Difference between Under-sampling Factor and Reduction of Data Acquisition Time

It should be pointed out that the reduction of the data acquisition time at different under-sampling factors depends upon several experimental features in imaging, including the patterns of k-space trajectory and the dimensions of the imaging experiments. In a typical 2D imaging using the Cartesian coordinate, the overall experimental time is limited by the repetition time (TR) in MRI. Since k-space sampling at the read direction is carried out quickly, there is little advantage to under-sample the read dimension. The reduction of the scan time can be achieved by omitting the collection of individual k-space lines in the phase encoding direction. We show in this study that a 1D varied density sampling pattern can be used in the 2D imaging to achieve a factor of 4 time saving without introducing noticeable error (Fig 2). The use of 2D variable density pattern in 2D Cartesian imaging would not be beneficial, since most phase encoding directions cannot be omitted because of the remaining acquisition points (36). For any 3D imaging, much significant time saving can be achieved when a 2D variable density sampling pattern is applied to the two phase encoding directions (47). The design of novel k-space trajectory pattern can facilitate further reduction on the data acquisition time. In addition, 3D T1 imaging are time-consuming, which warrants the evaluation of the GAG concentration using 2D under-sampling patterns.
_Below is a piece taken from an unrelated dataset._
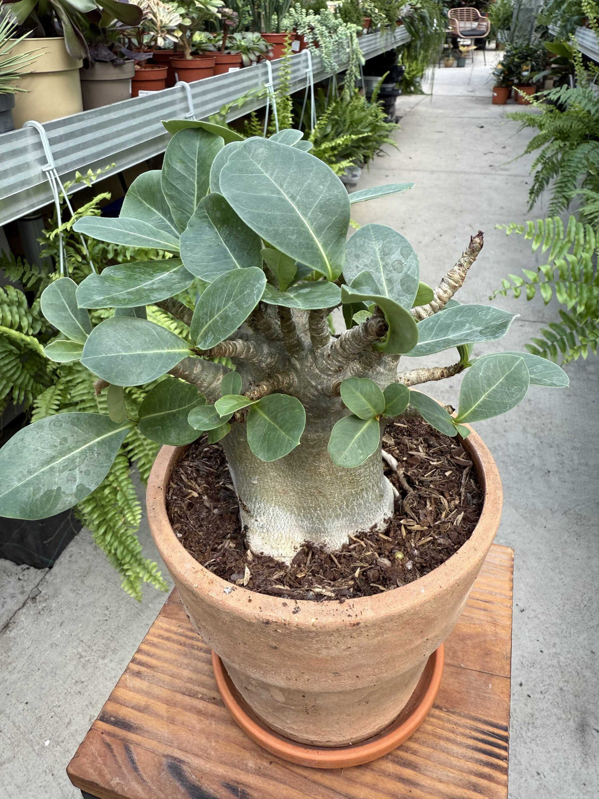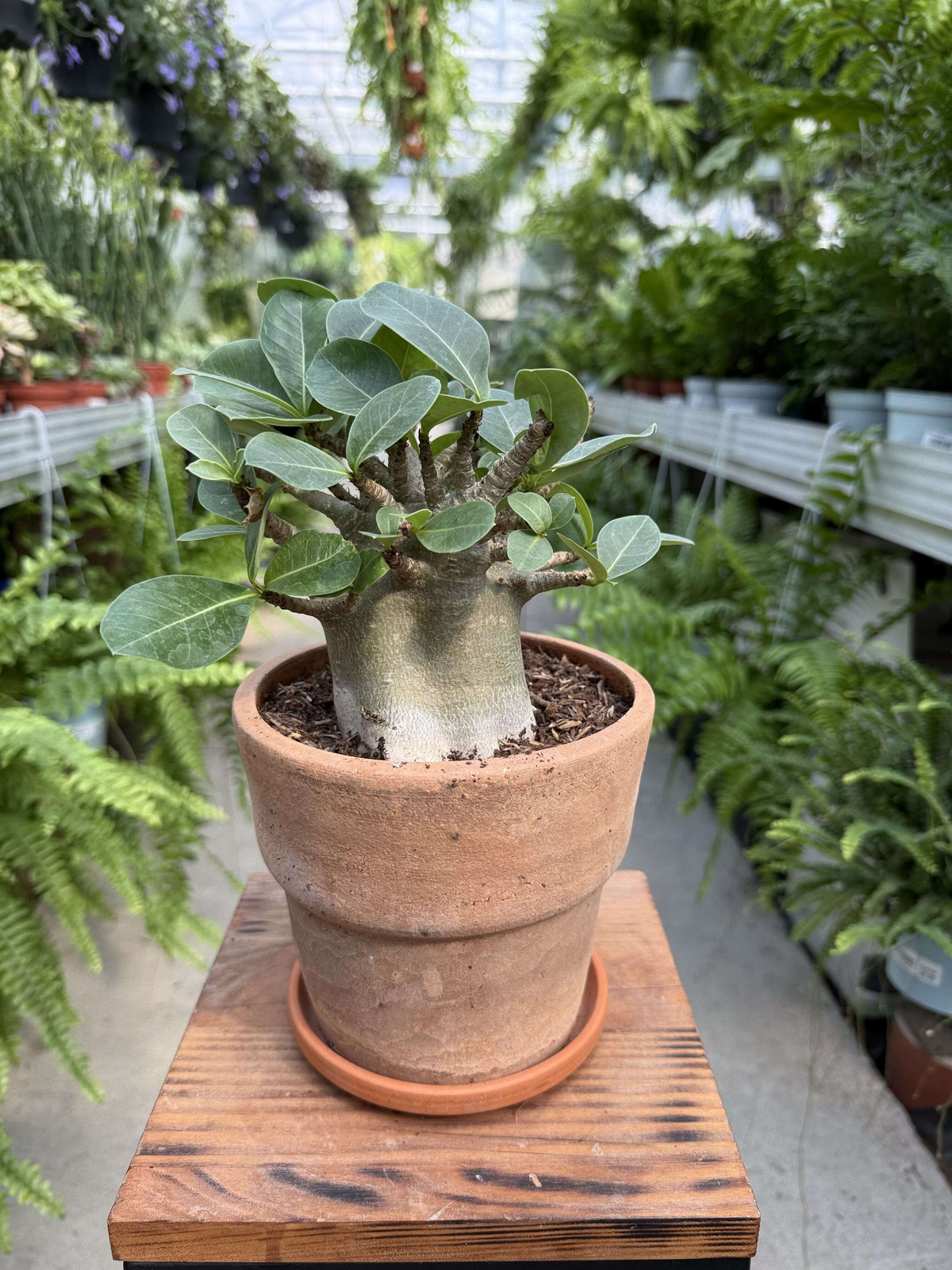Unikalny wygląd: Gruby pień i soczyste liście przypominają mały baobab, co nadaje roślinie egzotycznego charakteru.
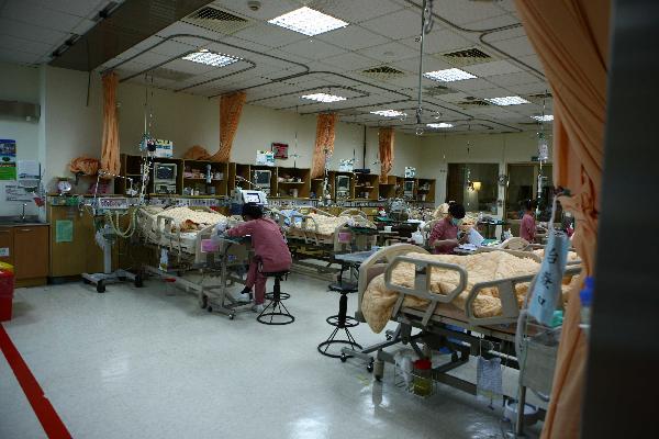 4月28日,工作人員在臺(tái)灣嘉義市圣馬爾定醫(yī)院的加護(hù)病房?jī)?nèi)忙碌。當(dāng)日,在阿里山火車事故中受傷的大多數(shù)乘客已出院,目前留在圣馬爾定醫(yī)院接受治療的還有16人,其中兩名重傷員仍在加護(hù)病房中接受治療。臺(tái)灣阿里山27日中午發(fā)生小火車翻車事故,截至當(dāng)天晚間11時(shí),事故已造成5名大陸游客罹難,百余名大陸游客不同程度受傷。 新華社記者龔兵攝

In conclusion, to the best of our knowledge, this is the first study that demonstrates the feasibility of implementing CS in μMRI quantification of GAG. We reveal the challenges of using CS for quantitative imaging of cartilage, especially in the deep RZ of cartilage and the interface between cartilage and bone. We show that 1D and 2D sampling patterns can achieve different time-savings. The calculated GAG concentration did not exhibit major deviation in quantification, even at high under-sampling factors and at different sub tissue zones (SZ, TZ, and RZ). This significant under-sampling could potentially be translated into major reduction in data acquisition time, which would be extremely beneficial to any ex-vivo study of cartilage by MRI. The time saved can be utilized to increase the sample size, to map the topographical variation of the tissue parameters over a joint surface, and to acquire better quality data.

Supplementary Material

Supp figures

Supplement Figure s1. The optimized k-space sampling patterns at different under-sampling factors (UF), T1a maps, and the corresponding error maps from the fully sampled k-space data (a–c: 1D k-space sampling patterns; d–f 2D k-space sampling patterns). The similar features in the T1b images (Fig 2) can be found in the T1a images (T1b: T1 mapping before Gd administration; T1a: T1 mapping after Gd administration).

Supplement Figure s2. The GAG concentrations in the deep RZ of articular cartilage with 2 columns of pixels from the bone at various 2D under-sampling factors (1, 2, 4, 8, 16). The GAG concentration variation became much higher, where 14.9% and 12.4% were found at UF of 8 and 16, respectively. The rectangular region was chosen for GAG calculation and pointed by the arrowhead.